The format of the information stored into the variable above is irrelevant. The list stored into the variable is now edited with some list tools. When editing is complete, the variable containing the edited list is written back to the same text file again, overwriting all the data with new changed data like this:

['some_text','bar', some_int]
['edited_tx','foo', some_int]
['some_text','foo', edtd_int]
...

Reading the lines

I managed to read the lines with this code:

with open("my_lists.txt") as f:
    listed_text = f.readlines()

All the text inside the text file is now stored into a variable named 'listed_text' which by then is being edited with some list tools prefered.

More about the code above is here:

How do I read a file line-by-line into a list?

Incomplete code example for reading and writing the file

This is incomplete and inoperative coding example of what should have been done with the lists.

# Let us open 'my_lists.txt' and read lines
# into a variable as a list.


def open_file():
    with open("my_lists.txt") as f:
        listed_text = f.readlines()
    list_item_editor(listed_text)

# Now let us replace 'foo' every index(1) in
# nested lists with word 'bar' with
# this imaginary editor 'list_item_editor()'.


def list_item_editor(argument):
    edited_list = []
    for item in nested_list:
        nested_list[item][i] = "bar"
    ...
    ...
    write_file(edited_list)

# Now we write the edited list back to 'my_lists.txt'
# by replacing the whole contents with new edited list.


def write_file(arg):
    with open("my_lists.txt", "w") as write_file:
        write_file.write(arg)

Preferred output

This is example of the preferred output. Each item (list) inside the nested list is written into it's own line. The 'new line mark' \n is not visible inside text file.
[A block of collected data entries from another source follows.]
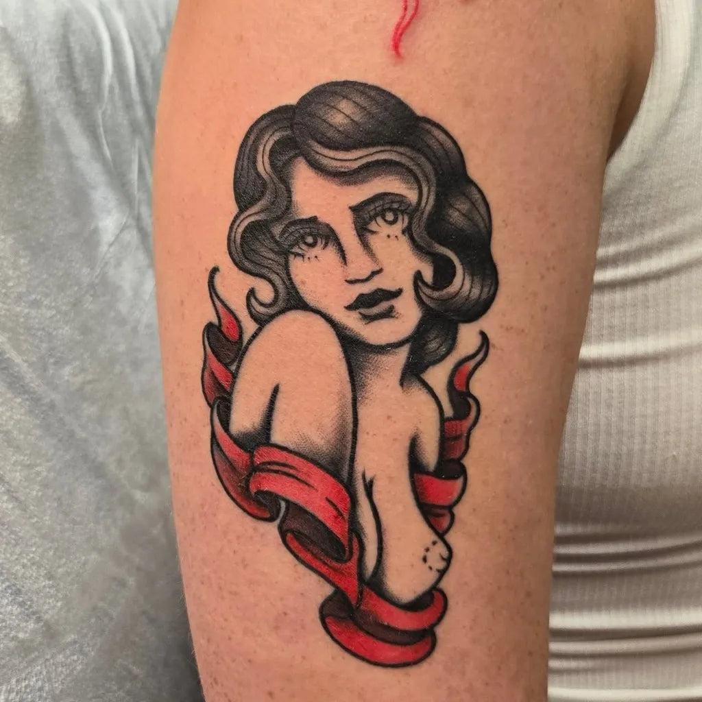 Small American Traditional Pinup girl with flames and ribbons on Women Arm Tattoo by @lucas_buckley_tattoos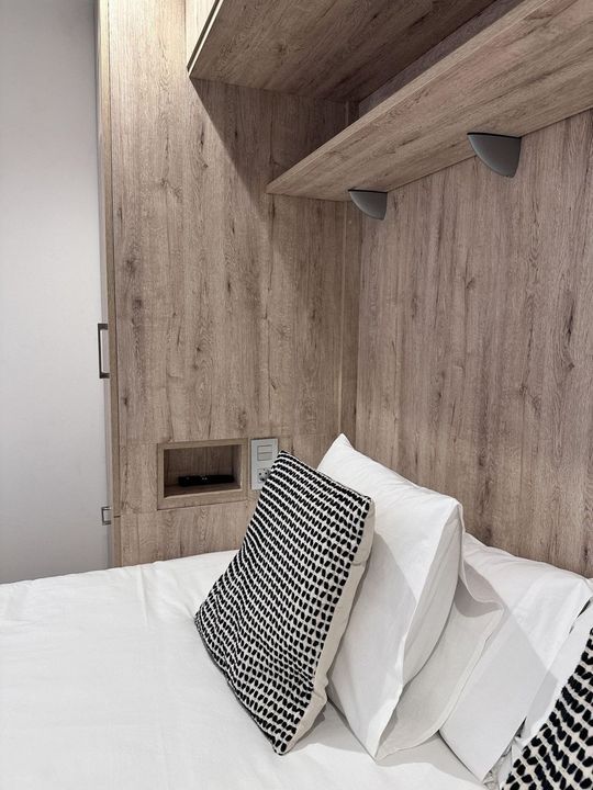 Cozy property with an elegant contemporary style, consisting of a living room with kitchen, bedroom area, and bathroom.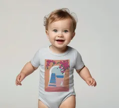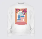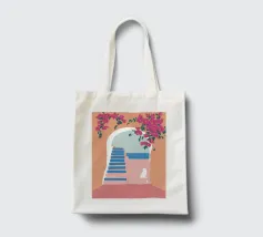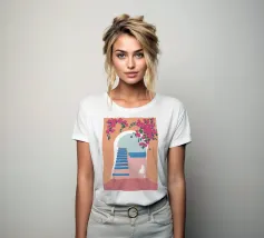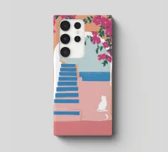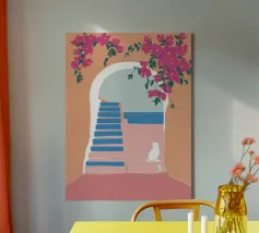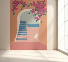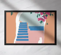 Un gatto bianco sonnecchia pacificamente in un classico arco mediterraneo ornato di bouganville rosa, affacciato su un mare blu. Questo pezzo cattura perfettamente il fascino sereno e solare di un'isola greca.

# This is text_file.txt containing edited lists
# New line inserted after every list

['some_text','bar', some_int]
['edited_tx','foo', some_int]
['some_text','foo', edtd_int]
['some_text','bar', some_int]
['edited_tx','foo', some_int]
['some_text','foo', edtd_int]
['some_text','bar', some_int]
['edited_tx','foo', some_int]
['some_text','foo', edtd_int]

Upvotes: 1

Views: 1428

Answers (1)

Mark Tolonen
Mark Tolonen

Reputation: 177685

With an input file of:

['some_text','foo', 1]
['some_text','foo', 2]
['some_text','foo', 3]

This will read/edit/write the file:

import ast

with open('input.txt') as f:
    data = [ast.literal_eval(line) for line in f]

print(data)

data[0][1] = 'bar'
data[-1][-1] = 5

print(data)

with open('output.txt','w') as f:
    for line in data:
        f.write(str(line) + '\n')

But writing Python lists as text to a file isn't really the best way to go about it. A better way is to use the csv module of you are willing to change the input file to this:

some_text,foo,1
some_text,foo,2
some_text,foo,3

And use this code:

import csv

with open('input.txt',newline='') as f:
    r = csv.reader(f)
    data = list(r)

print(data)

# Note, with csv, all columns are read as strings,
# so to do calculations convert:
data = [[a,b,int(c)] for a,b,c in data]

print(data)

data[0][1] = 'bar'
data[-1][-1] += 2

print(data)

with open('output.txt','w',newline='') as f:
    w = csv.writer(f)
    w.writerows(data)

Also, look into the pandas third-party module.